I was asked by a few members for our pizza dough recipe.She made it in her bread machine,but said you don't have to do it that way.

                                             PIZZA DOUGH RECIPE..  MAKES 1 LARGE CRUST

           3 TSP. ACTIVE DRY YEAST

           2 TBL.SUGAR

           3 CUP ALL PURPOSE FLOUR

           1 TSP. TABLE SALT

           2 TSP. OLIVE OIL

           1 CUP WARM WATER

IF USING BREAD MACHINE:    

           PUT ALL INGREDIENTS IN BREAD MACHINE.USE DOUGH CYCLE 

           AFTER DOUGH CYCLE IS FINISHED  REMOVE DOUGH  AND PUNCH IT ONCE TO REMOVE AIR

           PLACE IN GREASED BOWL AND COVER WITH TOWEL

           LET RISE FOR 30-40 MIN. THEN USE.

NON BREAD MACHINE:

            MIX ALL INGREDIENTS IN BOWL TURN DOUGH ON LIGHTLY FLOURED SURFACE

            KNEAD FOR 6-8 MINS. UNTILL SMOOTH

            PLACE IN GREASED BOWL AND COVER WITH TOWEL

            LET RISE UNTILL THE DOUGH DOUBLES IN SIZE...ABOUT A HOUR

            PUNCH ONCE TO RELEASE AIR

            PLACE DOUGH BACK IN GREASED BOWL 30-40 MIN

            THEN USE

make your pizza and bake at 425 for 20 mins. or untill golden brown and the bottom is crunchy!!!

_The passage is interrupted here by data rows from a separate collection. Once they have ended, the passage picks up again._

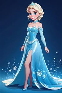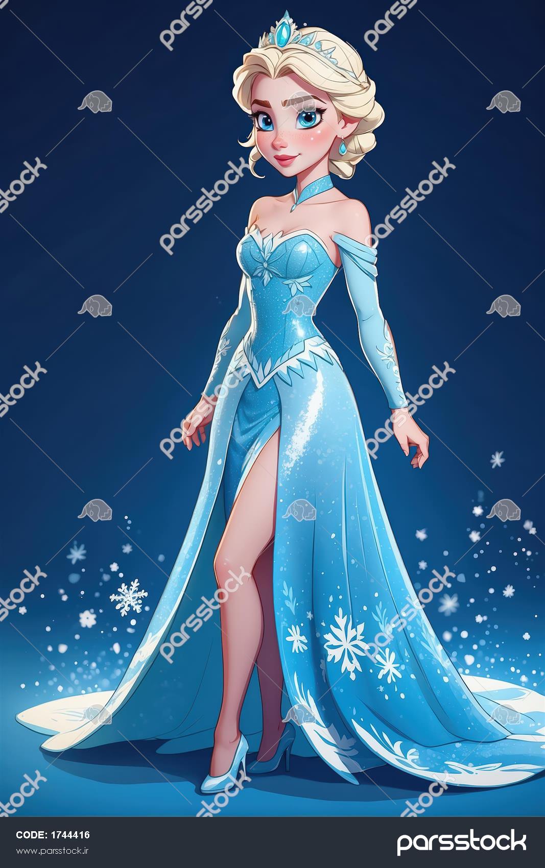 تصویر تمام‌قد السا با لباس آبی و چاک بلند در دهکده برفی (دکوراتیو)
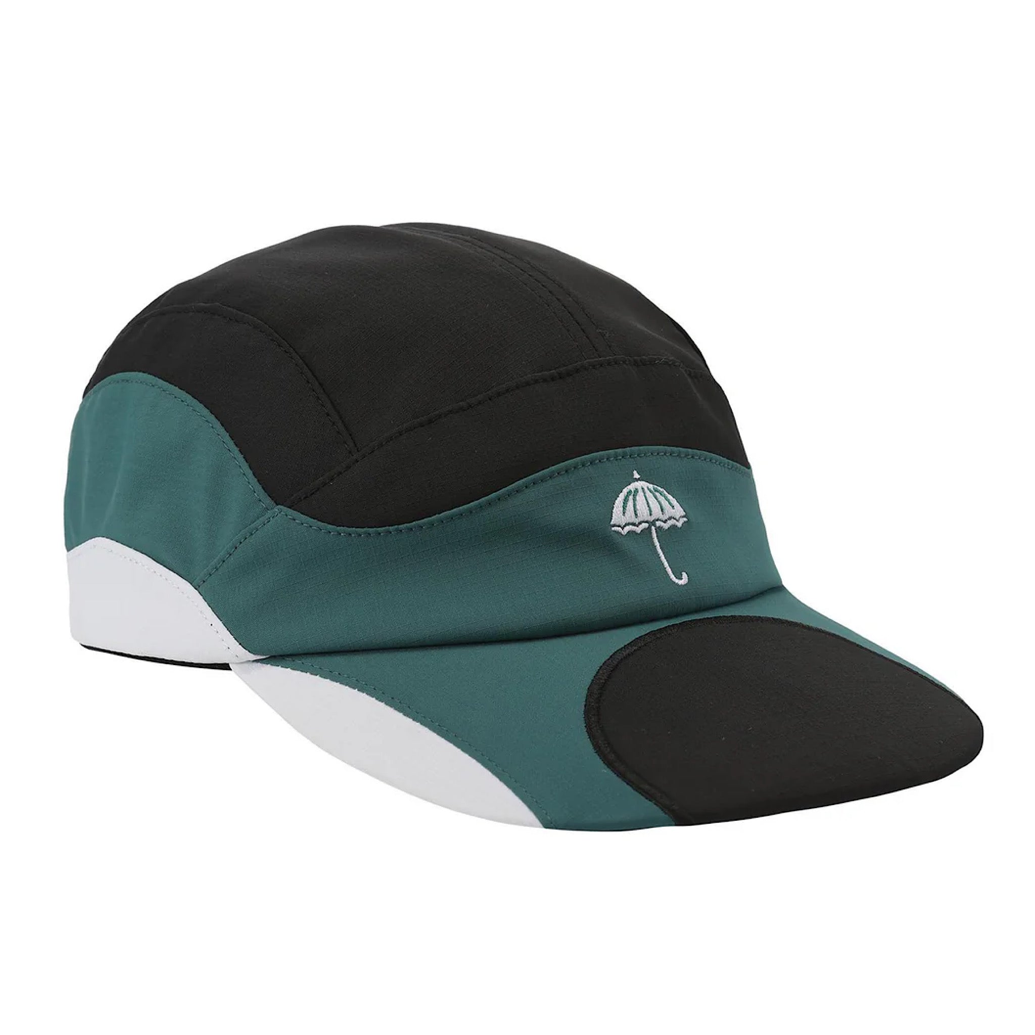 5 PANEL CAP WITH WAVY COLOR BLOCKING DETAILS.EMBROIDERIES AT CENTER FRONT AND ON SIDE.MATERIAL: 95% NYLON 5% SPANDEX
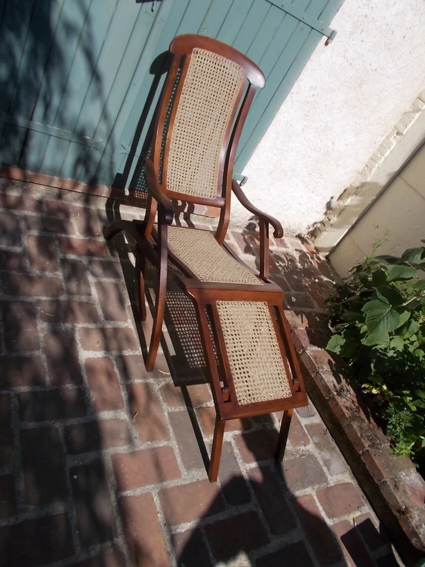 Très jolie et ancienne chaise longue de pont de paquebot, des années 20, en acajou, cannage en corde.
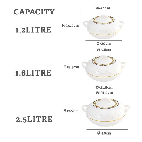 • Usage: Keeping food hot or cold, serving rice, curries, stews, biryanis, salads, desserts
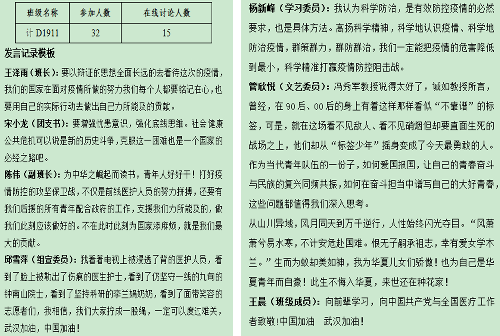 2019级材料科学与工程1班学生刘玲:此次疫情防控中,最令我震撼的是党的强大的组织动员能力,全国一盘棋,集中力量办大事!正如老师所言,中国共产党的领导是中国特色社会主义制度的最大优势!多难兴邦,我们从来不曾畏惧困难,我们始终拥有必胜的信心,这源于五千年连绵不断的文明!疫情是一面镜子,照见了真正的中国,也反射了人民群众的担当,在这里,我们看到许许多多美丽的逆行者、志愿者、捐赠者以及宅家者。身处于这样有爱暖心的国度,我内心最真实的感受是爱国,是我们最大的担当。
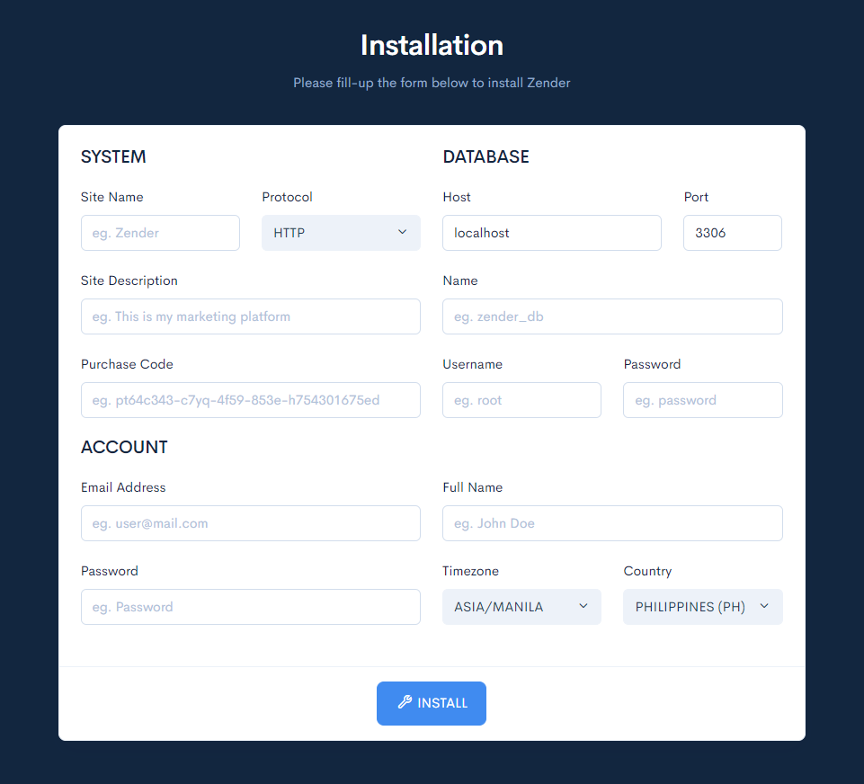 - Enter admin full name, email address, password, select timezone and select country. This account is automatically set as super admin and cannot be deleted from the system.
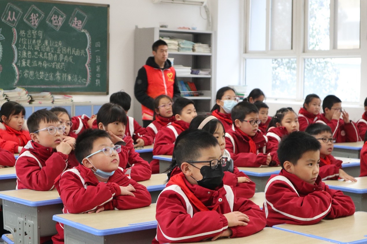 第二堂课,队员们围绕近期感冒流感问题宣讲健康基础知识,内容包括健康的定义、用眼健康、饮食健康、个人习惯、个人免疫等方面,并引导同学们平时加强体育锻炼,养成良好生活卫生习惯,树立健康保护意识。志愿者们用幽默风趣的讲解让同学们在轻松愉快的氛围中学到了更多关于健康的知识。
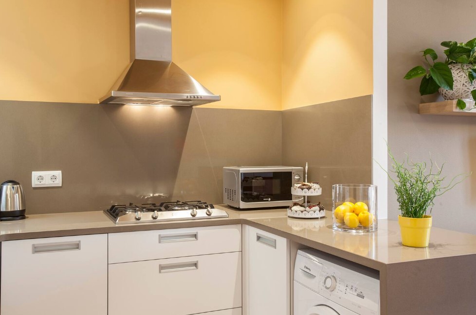 - Hervidor de agua (Kettle), Cocina a gas, Cafetera tradicional, Tetera tradicional, Nevera, Lavavajillas, Microondas, Tostadora
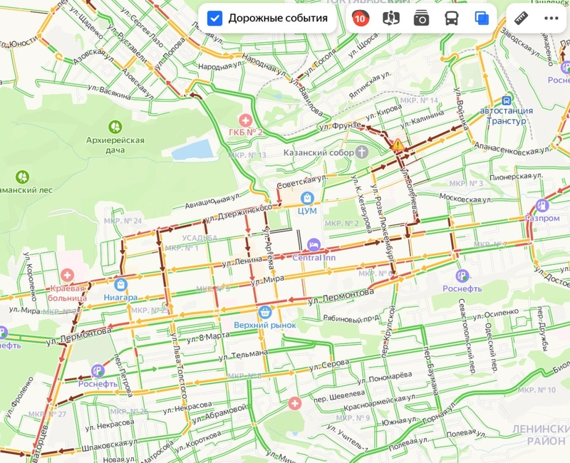 Из-за погодных условий на дорогах образовалась непростая ситуация: транспорт встал. Город сковали рекордные десятибалльные пробки. Ставропольчане жаловались, что по полчаса не могли уехать на маршрутке, а цены на такси взлетели до небес.
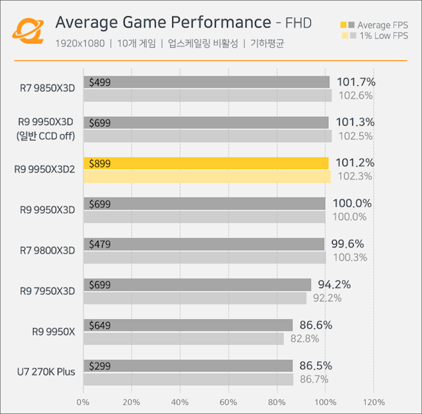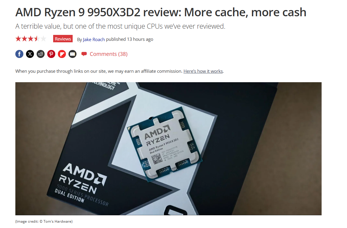 Tom's Hardware的评测更标题直接用“更多缓存,更多票子”定调,直言它在游戏里对比9950X3D没有任何优势,甚至锐龙79800X3D和9850X3D的帧率还要略高一点。

 There ya go guy's my wife makes this dough all the time when we make pizza or calzones.I hace even done a pizza in the smoker with it,but you have to run your temps pretty high.The last one i did my temps were about 325 in my charcoal smoker.If you have any questions you can pm me or respond to this link.Thanks for looking---LES


----------



## bmudd14474

Thanks for the recipe


----------



## beer-b-q

Thanks Les I got it copied...


----------



## shoneyboy

Thanks Les, I will try this next time I make pizza.....


----------



## smoke 2 geaux

Awesom man, thanks.  I have been wanting to try homemade pizza dough ever since I saw Flay cook some on the Weber.


----------



## mballi3011

Thanks there Les. I'd like to make my own pizza dough. It's hard to pass up the dough that I get from Publix (big food store chain) for only a couple bucks. I really do like making as much of our food from scatch. To me it just taste better when it's made with my hands. Then I can make it as spicey as I want to.


----------



## les3176

Your all welcome. yeah mballi your right about making it your self it does taste better, you could add some seasonings to the dough for more flavor.We tried some red pepper flake and garlic one time and it was awesome!!! Ya just have to add a little more water when you add extra items..not much maybe a teaspoon..


----------



## michael ark

Thanks for the recipe.


----------



## SmokinAl

Thanks Les!


----------



## jrod62

Thanks. Will have to try this next time


----------



## wrwoelfel

Can you freeze this dough?


----------



## wrwoelfel

Can you freeze this dough?


----------